Work required —
Repeat the data in full and exactly. Leave the pictures out.

Data shown —
----

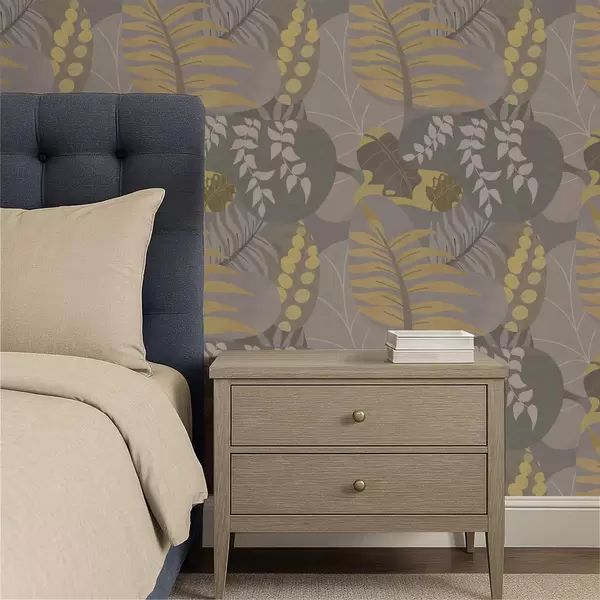 Papiers peints Feuilles abstraites dans des tons gris et jaunes Nr. a01112
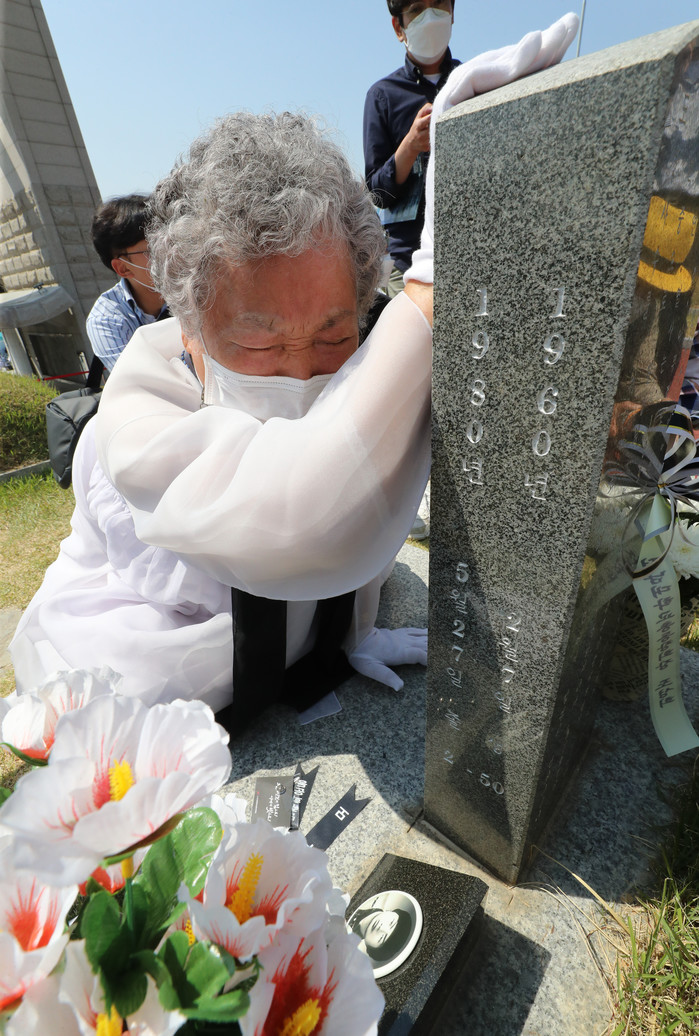제42주년 5.18 민주화운동 기념일을 하루 앞둔 17일 오전 광주 북구 국립 5.18 민주묘지에서 열린 추모제에 참석한 이정연 열사의 어머니가 열사의 묘소 앞에서 오열하고 있다.
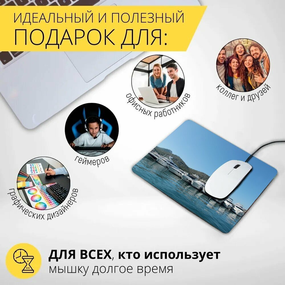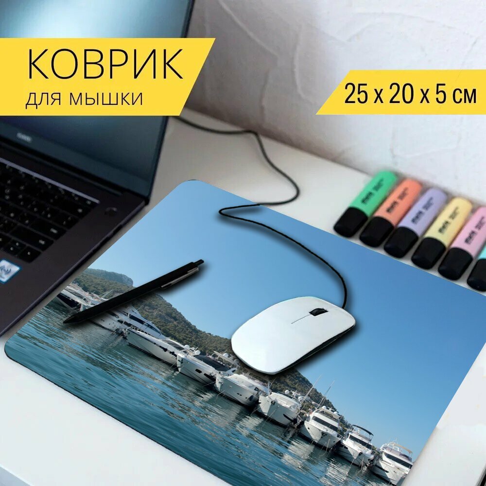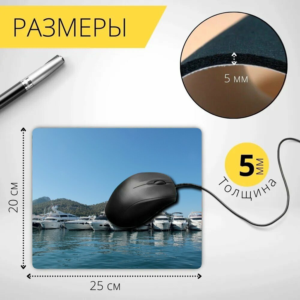 Коврик для мыши с принтом "Яхта, марина, порт" 25x20см. интересное:

----

Answer to this task —
 Papiers peints Feuilles abstraites dans des tons gris et jaunes Nr. a01112
제42주년 5.18 민주화운동 기념일을 하루 앞둔 17일 오전 광주 북구 국립 5.18 민주묘지에서 열린 추모제에 참석한 이정연 열사의 어머니가 열사의 묘소 앞에서 오열하고 있다.
 Коврик для мыши с принтом "Яхта, марина, порт" 25x20см. интересное:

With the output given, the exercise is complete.